(Input records Opens)

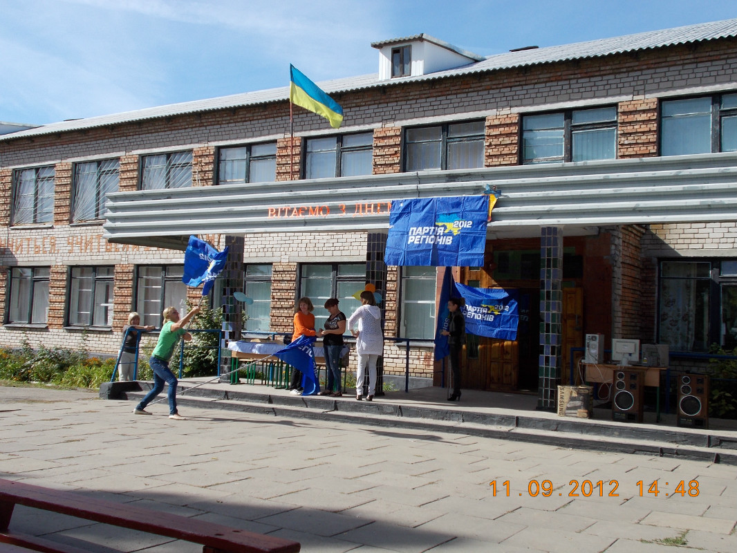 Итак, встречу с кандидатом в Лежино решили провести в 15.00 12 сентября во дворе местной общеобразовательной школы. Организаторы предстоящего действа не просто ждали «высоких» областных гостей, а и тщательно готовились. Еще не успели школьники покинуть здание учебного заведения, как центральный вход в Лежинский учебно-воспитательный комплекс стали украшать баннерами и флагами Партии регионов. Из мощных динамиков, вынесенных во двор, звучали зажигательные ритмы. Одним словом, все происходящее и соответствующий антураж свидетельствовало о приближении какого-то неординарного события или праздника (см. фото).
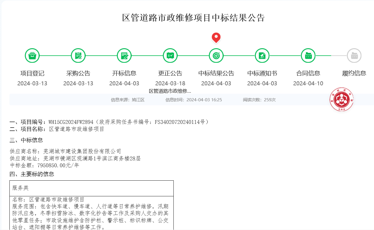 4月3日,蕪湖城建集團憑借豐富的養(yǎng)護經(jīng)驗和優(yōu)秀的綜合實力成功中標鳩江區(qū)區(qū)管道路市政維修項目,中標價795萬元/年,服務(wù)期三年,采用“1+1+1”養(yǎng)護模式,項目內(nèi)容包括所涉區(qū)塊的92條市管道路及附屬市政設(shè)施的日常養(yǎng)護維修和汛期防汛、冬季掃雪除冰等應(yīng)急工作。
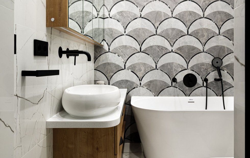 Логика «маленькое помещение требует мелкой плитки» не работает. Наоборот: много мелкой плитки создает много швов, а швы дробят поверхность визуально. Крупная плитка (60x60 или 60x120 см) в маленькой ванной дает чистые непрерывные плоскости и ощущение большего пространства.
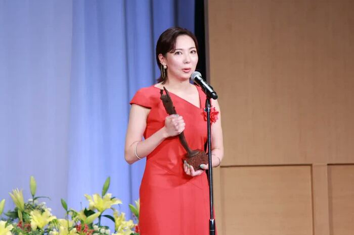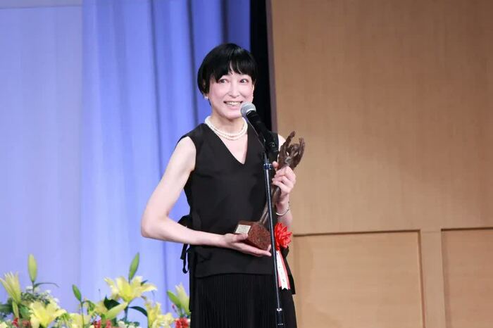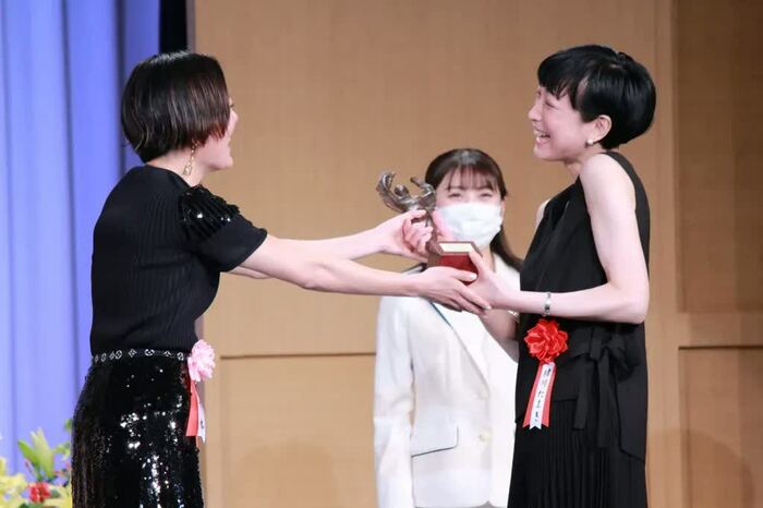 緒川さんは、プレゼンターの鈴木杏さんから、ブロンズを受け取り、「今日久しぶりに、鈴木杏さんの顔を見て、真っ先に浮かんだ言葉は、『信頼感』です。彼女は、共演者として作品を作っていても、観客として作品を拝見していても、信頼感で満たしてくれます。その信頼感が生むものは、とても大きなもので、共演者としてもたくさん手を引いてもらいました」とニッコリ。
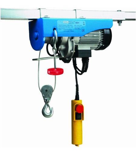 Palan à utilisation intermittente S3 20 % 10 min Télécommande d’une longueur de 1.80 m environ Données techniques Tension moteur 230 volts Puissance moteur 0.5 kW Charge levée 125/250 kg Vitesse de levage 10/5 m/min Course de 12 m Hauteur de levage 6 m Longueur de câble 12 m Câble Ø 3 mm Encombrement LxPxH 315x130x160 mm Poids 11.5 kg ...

(Input records Closes)
(Input records Opens)

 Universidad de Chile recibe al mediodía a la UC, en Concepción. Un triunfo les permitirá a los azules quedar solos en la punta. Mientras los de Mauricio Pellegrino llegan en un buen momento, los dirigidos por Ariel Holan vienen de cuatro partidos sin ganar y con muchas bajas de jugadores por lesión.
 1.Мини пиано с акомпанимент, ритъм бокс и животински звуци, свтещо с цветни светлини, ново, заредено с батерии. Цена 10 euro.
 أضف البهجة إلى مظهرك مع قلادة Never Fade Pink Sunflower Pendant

(Input records Closes)

## Exercise aim
Your task is to restate, word for word, only those lines above that fall between the line holding "1.Мини пиано с" and the line holding "أضف البهجة إلى", inclusive.

## Expected output
 1.Мини пиано с акомпанимент, ритъм бокс и животински звуци, свтещо с цветни светлини, ново, заредено с батерии. Цена 10 euro.
 أضف البهجة إلى مظهرك مع قلادة Never Fade Pink Sunflower Pendant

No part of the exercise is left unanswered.